#### WORK TO COMPLETE:
Transcribe the data below verbatim from the line with "山东2024年美术类专业统考/联考考题(色彩)" to the line with "11月28日-12月2日,华". Include both of those lines.

#### LISTED RECORDS:
====
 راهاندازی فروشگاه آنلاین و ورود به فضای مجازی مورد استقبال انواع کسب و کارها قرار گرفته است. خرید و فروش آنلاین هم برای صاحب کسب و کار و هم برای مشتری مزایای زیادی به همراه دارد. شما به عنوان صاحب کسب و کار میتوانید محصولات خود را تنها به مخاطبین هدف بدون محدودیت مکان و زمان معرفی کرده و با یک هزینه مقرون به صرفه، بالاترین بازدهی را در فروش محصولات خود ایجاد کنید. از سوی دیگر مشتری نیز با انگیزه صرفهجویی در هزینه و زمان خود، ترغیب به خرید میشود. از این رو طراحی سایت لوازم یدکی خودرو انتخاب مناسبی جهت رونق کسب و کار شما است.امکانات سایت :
====
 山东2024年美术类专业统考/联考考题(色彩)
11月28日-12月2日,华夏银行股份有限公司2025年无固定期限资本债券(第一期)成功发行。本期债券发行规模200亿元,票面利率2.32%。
====
#### SOLUTION:
 山东2024年美术类专业统考/联考考题(色彩)
11月28日-12月2日,华夏银行股份有限公司2025年无固定期限资本债券(第一期)成功发行。本期债券发行规模200亿元,票面利率2.32%。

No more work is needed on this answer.